I break down social invitations (the ones where I have a choice of attending; some are, unfortunately, mandatory) thusly: a. will I enjoy it more than watching television or sleeping? b. will it cause a nervous breakdown of epic proportions? If I can safely answer yes and no to these questions, I will attend. If not, no, thanks. So if you ask me out and I say yes, congratulations! You are more important to me than television or my bed, and not likely to cause me to weep in the bathroom. 

This having been said, I am, above all else, a theater person. I went to school to learn how to act; when called upon to attend a function where it matters that I interact in an adult fashion, I do so with aplomb. I’m not saying I enjoy myself. I can honestly count on one hand the number of times in the past ten years or so that I’ve enjoyed a social function. But people don’t know that. I’m very well-behaved. I can, even - and have, even, and will, again, I’m sure – MC the event. In front of everyone. I know! Fancy! I’m good at it. I take it on like a role – I’m playing the part of a socially-poised adult who likes to entertain. And I knock that role out of the park. I make people laugh; I make things run smoothly; I improvise and goof around and I should get a damn Oscar, honestly, because inside I’m screaming get me OUT of here, already, TOO MANY GODDAMN PEOPLE ONE OF THEM MIGHT TOUCH ME! 
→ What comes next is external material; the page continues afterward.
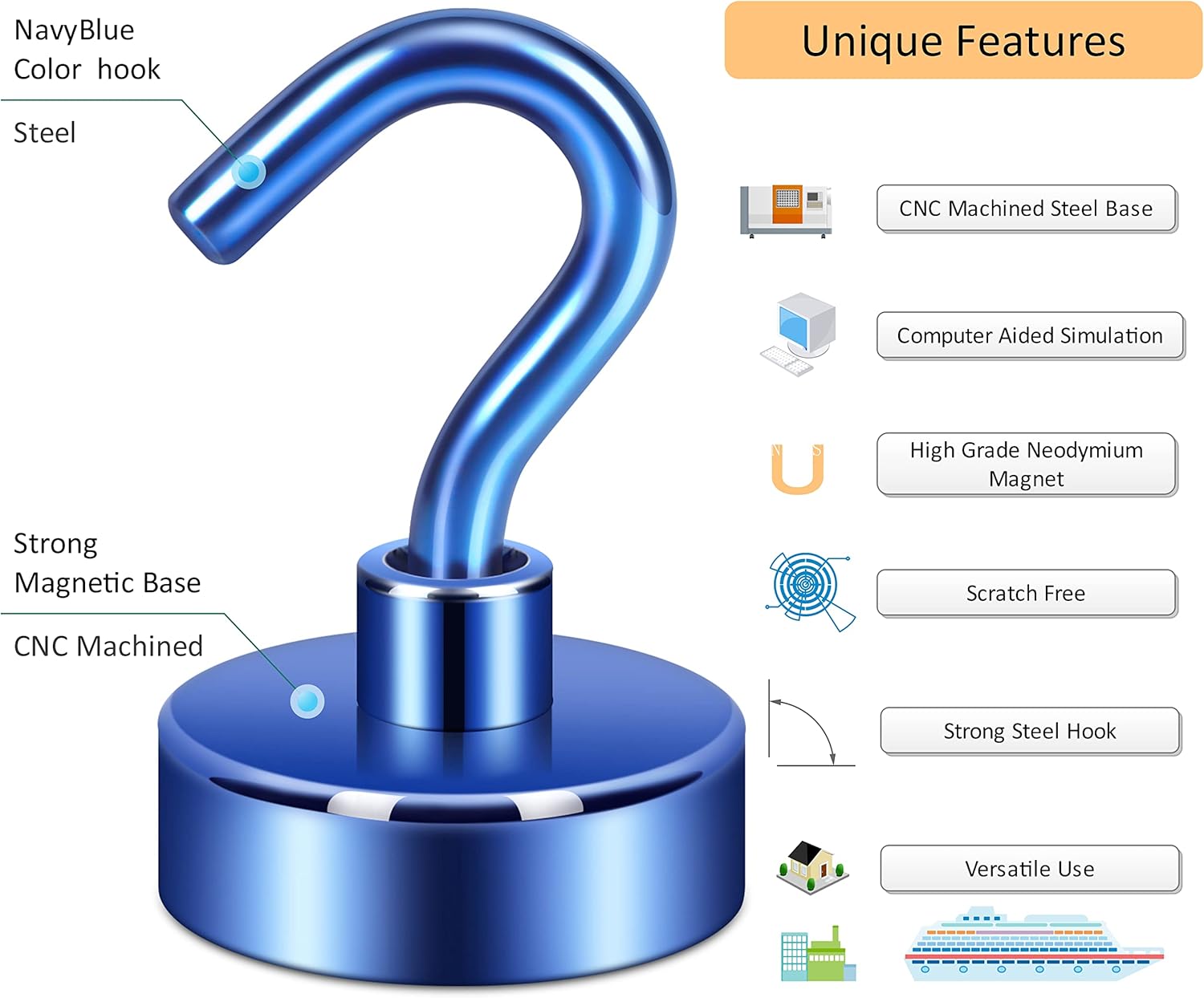 - ✔ SUPER POWERFUL - Amazing strong, sturdy, and heavy-duty metal magnetic hook with a CNC machined steel base, embedded with a high grade latest generation of ‘magnetic king’ i.e. super Nd-Fe-B, this magnetic hook offers more than 3 lb pulling force under steel. The magnetic hook is perfect for hanging items on the fridge in the kitchen.

There are people who are suffering, much more severely than I am, with social anxiety. Jessica has been blogging her way through dealing with her issues with it, and I applaud her bravery – she’s facing the problem head-on, like an adult does, with grace and humor. I’m taking the other route – the Bartleby the Scrivener route, I guess. When faced with something he didn’t want to do, Bartleby said “I would prefer not to.” This is my go-to answer. I would prefer not to. I would prefer not to go to a party where I’m going to spend the whole time afraid to open my mouth because I’m afraid I’ll look like a fool and I won’t enjoy it anyway. I would prefer not to. I can, I could force myself to, but would prefer not to. I thank everyone for attempting to include me, and I appreciate the invitations, and once and a while, I’ll actually accept one, but for the most part, when I have the opportunity to do so, I would prefer to stay home. I would prefer to do that. I would prefer very much to do that, actually, so I think I will.